Print this page

Published: 2011

Skilling up for a low-carbon future: vocational education and training

Cheryl Desha and Charlie Hargroves

Given the need for both short and long-term training for sustainability discussed in the first of this three-part series (ECOS 158, pp 22–24), it is clear that the vocational education and training sector will play a major role in building capacity for our nation over the next five years.

The VET sector is already demonstrating leadership in curriculum renewal, going beyond ‘greening’ traditional trades like plumbing into new areas such as apprenticeships in wind farm technology.
Credit: Plumbing Industry of SA/Suzlon Energy

The Australian government’s second national action plan for education for sustainability,1 published in 2009, outlines ambitious strategies and actions for creating a sustainable future. Elsewhere, federal government departments have been working intensively on building capacity in energy efficiency knowledge and skills to deliver the national energy policy framework.2,3

In fact, the vocational education and training (VET) sector is already demonstrating leadership in curriculum renewal. Compared with universities, the VET sector’s curriculum is heavily regulated. This turns out to be a major advantage for rapid curriculum renewal, as policy can quickly translate to action in the classroom.

Several national and state policies and programs around the country are driving the VET sector’s momentum. These include the Australian government’s 2009 Clean Sustainable Skills Package,4 a $94 million investment in green jobs and training opportunities; and the 2009 Skills for the Carbon Challenge5 initiative, which provides national leadership for industry to develop and prosper in a sustainable, low-carbon economy.

The 2009 Green Skills Agreement6 commits all state and territory governments to working with trainers and businesses to ensure that relevant skills for sustainability are part of all VET curricula. In 2009, the Ministerial Council for Vocational and Technical Education endorsed a National VET Sector Sustainability Action Plan7, which provides a national framework to support curriculum renewal within the context of these national agreements.

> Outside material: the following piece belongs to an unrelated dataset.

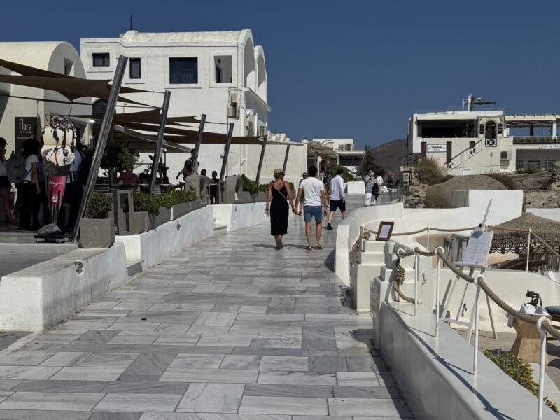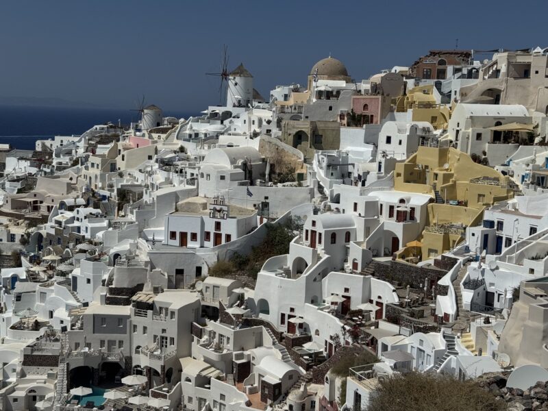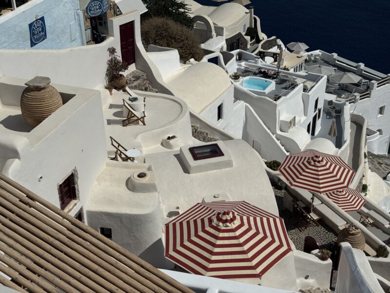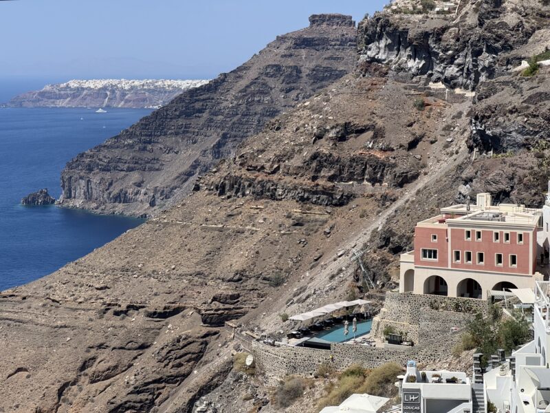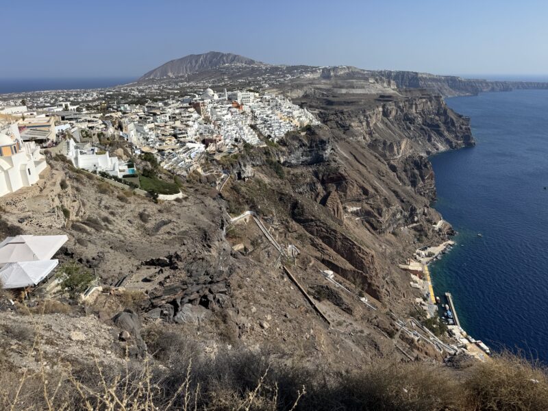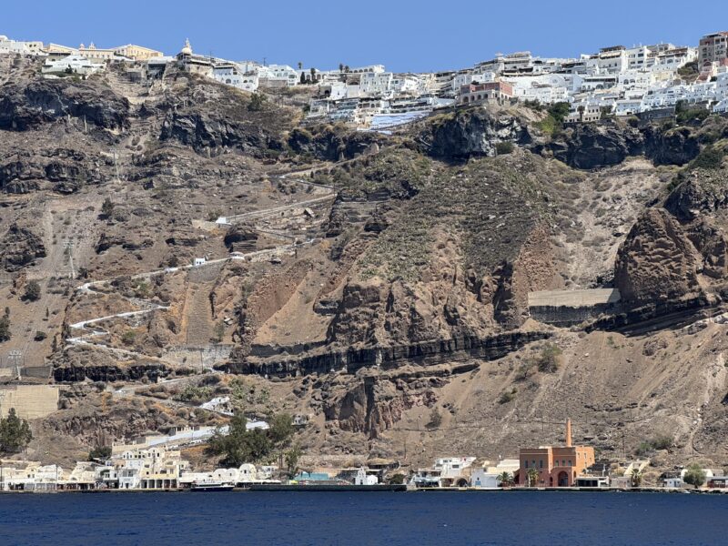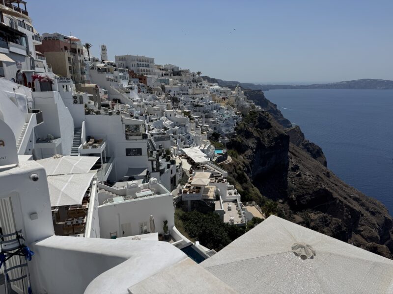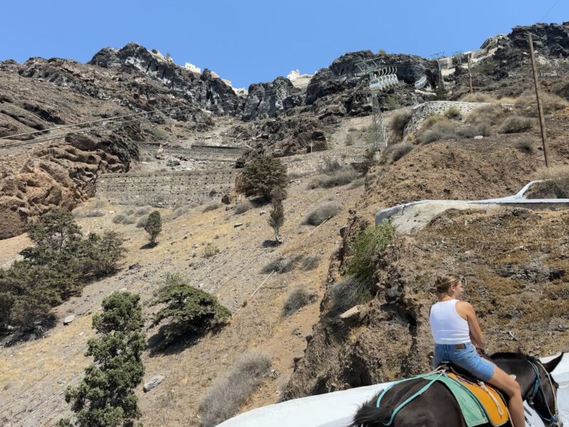 ロバは最後までは登らず、街の一番下あたりから最後の数十段は自分で歩いて登りましたが、崖の縁にへばりつくように建てられた白い家々が、サントリーニ島ならではのユニークな眺めでした。

With such comprehensive regulatory support for education for sustainability, how is the VET sector responding to the challenge? By far the most progress has been around the topic of energy efficiency. With support from the National Framework for Energy Efficiency (NFEE)’s National Strategy on Energy Efficiency8 and state energy efficiency industry groups, training materials are already being developed through collaborations between universities, state and federal agencies.

According to Ms Val MacGregor, from NFEE’s Training and Accreditation committee, what has been missing is practical guidance on how the required knowledge and skills can be developed.

‘At NFEE, we have been bridging this gap,’ says Ms MacGregor. ‘Last year, we commissioned research into the functional skills needed to undertake rigorous energy efficiency assessments, which have subsequently informed a summary list9 for VET training providers. Curriculum developers and trainers can use this immediately, which reduces their cost of developing materials and also creates a common language for training across the country.’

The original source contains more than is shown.